“What sort of trouble?” I asked.
“They tell us that what we do is wrong. They tell women not to come at all, and to stay at home. They ask people who are singing to stop. Sometimes arguments break out—even fist fights. This used to be a place where people came to get peace of mind. Now when they come here they just encounter more problems, so gradually they have stopped coming.”
“How long has this being going on?” I asked.
“Before the Afghan war there was nothing like this,” replied Tila Mohammed. “But then the Saudis came, with their propaganda to stop visiting the saints and to stop us preaching ’ishq. Now this trouble happens more and more frequently.”
Making sure no one was listening, he leaned forward and whispered, “Last week they broke the saz of a celebrated musician from Kohat. We pray that right will overpower wrong, that good will overcome evil. But our way is pacifist. As Rahman Baba put it:
I am a lover, and I deal in love. Sow flowers,
So your surroundings become a garden.
Don’t sow thorns; for they will prick your feet.
We are all one body,
Whoever tortures another, wounds himself.
The end came on 4 March 2009, a week before my visit to Sehwan. A group of Pakistani Taliban arrived at the shrine before dawn, and placed dynamite around the squinches of the dome. No one was hurt, but the shrine chamber was completely destroyed. The Taliban issued a press release blaming the shrine for opening its doors to women, and allowing them to pray and seek healing there. Since then several other shrines in areas under Taliban control have been blown up or shut down, and one—that of Haji Sahib Turangzai, in the Mohmand Tribal Federally Administered Tribal Region of Pakistan—has been turned into a Taliban headquarters.
Behind the violence lies a theological conflict that has divided the Islamic world for centuries, albeit one dramatically radicalised by the aftermath of the anti-Soviet jihad. Rahman Baba, like Lal Shahbaz in Sindh or Rumi in Anatolia, believed passionately in the importance of the use of music, poetry and dance as a path for remembering and reaching God, as a way of opening the gates of Paradise. But this use of poetry and music in ritual, and the way the Sufis welcome women into their shrines, are some of the many aspects of Sufi practice that have attracted the wrath of modern Wahhabis, and their South Asian theological allies, the Deobandis and Tablighis. For although there is nothing in the Quran that specifically bans music, Islamic tradition has always associated music with dancing girls and immorality, and infections from Hinduism, and there has been a long tradition of clerical opposition.

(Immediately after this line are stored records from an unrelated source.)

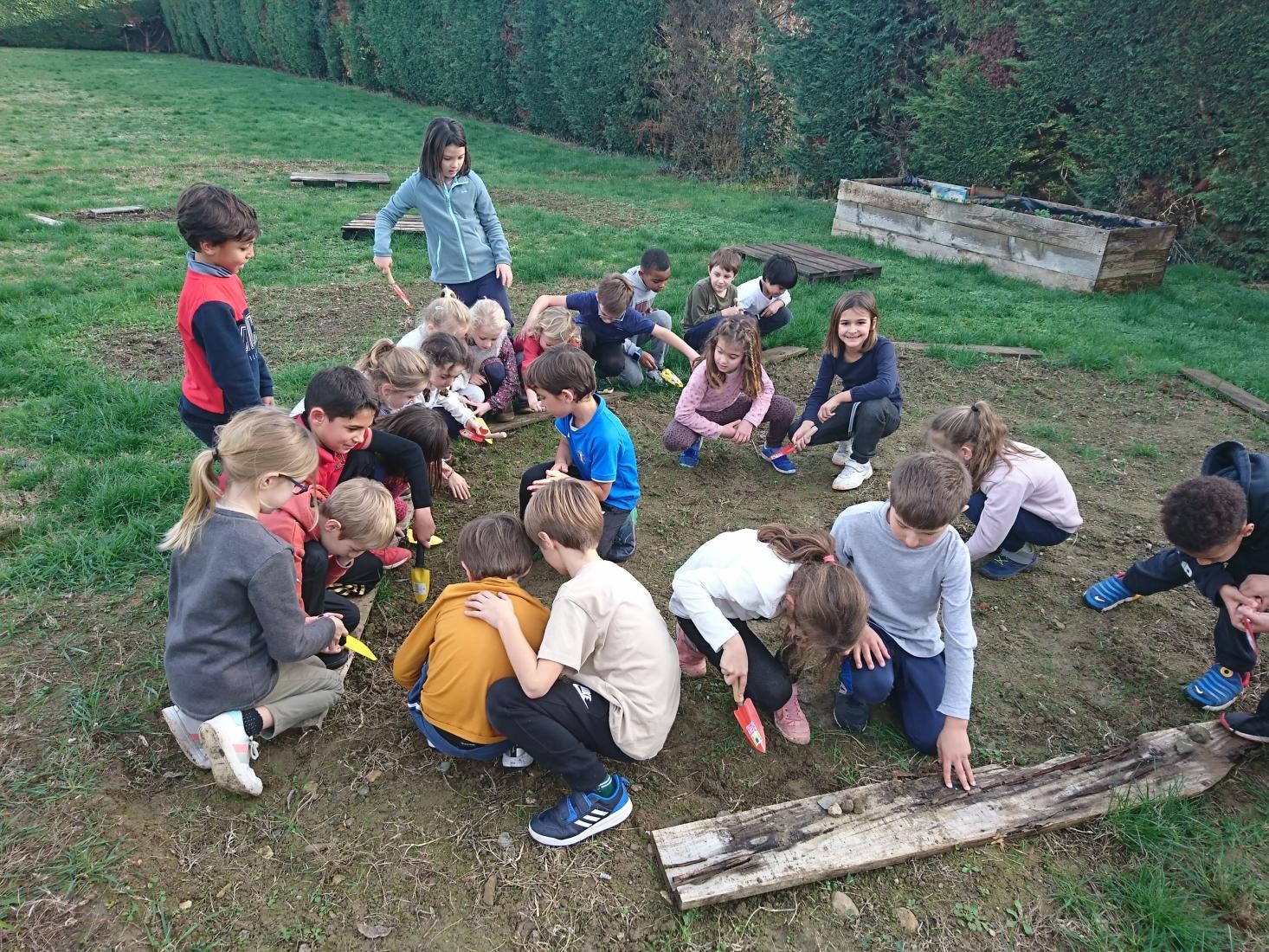 Les ce1 B ont réalisé des expériences pour observer les conditions nécessaires au développement des bulbes. Ils ont également planté des bulbes dans le potager pour suivre leur croissance.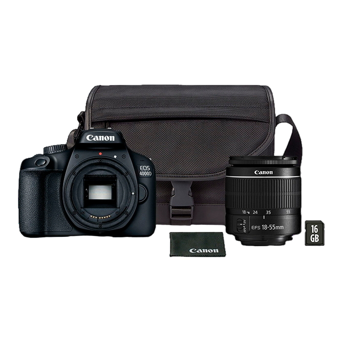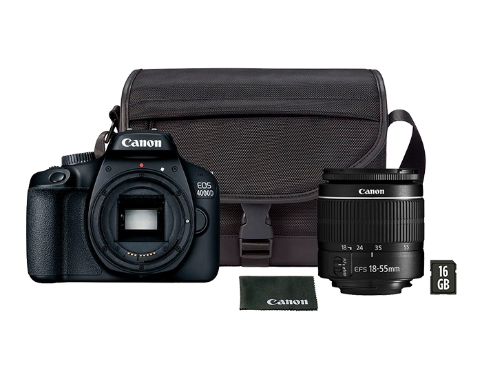 - Aparat foto DSLR Canon EOS 4000D & EF-S 18-55mm III + SB130 + 16GB, Negru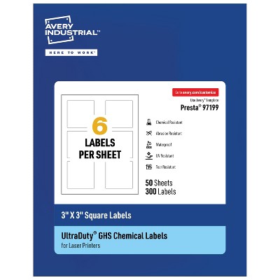 Avery UltraDuty GHS Labels, Waterproof, 3 X 3 Inch Square Labels, for Use with Laser Printers

In the long story of the complex three-cornered relationship between Hinduism, Sufi Islam and Islamic orthodoxy—in which the determination of the Sufis to absorb Hindu ideas and practices has always clashed with the wish of the orthodox to root them out as dangerous and deviant impurities—Sehwan has historically played an important part. It was the home of the great Sufi philosopher-poet Mian Mir, who in turn became the pir of the seventeenth-century Mughal prince Dara Shukoh, the ruler who arguably did more than anyone else to attempt to bring together the two great religions of South Asia. Dara was taught by his Sehwan-born pir that there was an essential unity of the Islamic and Hindu mystical paths. Heavily influenced by Mian Mir’s philosophy, Dara would go on to write, in his great treatise on Sufism The Compass of Truth:
Thou art in the Ka’ba at Mecca,
as well as in the [Hindu] temple of Somnath.

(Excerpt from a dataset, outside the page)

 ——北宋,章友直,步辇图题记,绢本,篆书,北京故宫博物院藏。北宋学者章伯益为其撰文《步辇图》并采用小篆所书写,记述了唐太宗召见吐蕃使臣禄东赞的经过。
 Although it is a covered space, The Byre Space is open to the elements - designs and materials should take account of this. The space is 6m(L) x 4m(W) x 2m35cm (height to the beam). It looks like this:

Thou art in the monastery,
as well as the tavern.
Thou art at the same time the light and the moth,
The wine and the cup,
The sage and the fool,
The friend and the stranger.
The rose and the nightingale.
Dara also had the Bhagavad Gita and the Upanishads translated into Persian as The Mysteries of Mysteries, and he wrote a comparative study of Hinduism and Islam, The Mingling of Two Oceans, which emphasised the compatibility of the two faiths and the common source of their divine revelations. In it he speculated that the essential nature of Islam was identical to that of Hinduism, and following the Quranic injunction that no land had been left without prophetic guidance, became convinced that the Vedas constituted the mysterious concealed scriptures mentioned in the Quran as the ultimate scriptural spring of all monotheism. In the end, however, Dara’s Sehwan-influenced speculations proved too radical for the Muslim elite of India, and while Sufism has always had a large following, its influence among the Islamic ulema has always been controversial and frequently challenged. What is happening today is only the latest round of a much more ancient and intractable theological conflict within the Islamic world, albeit one super-charged by modern politics and weaponry.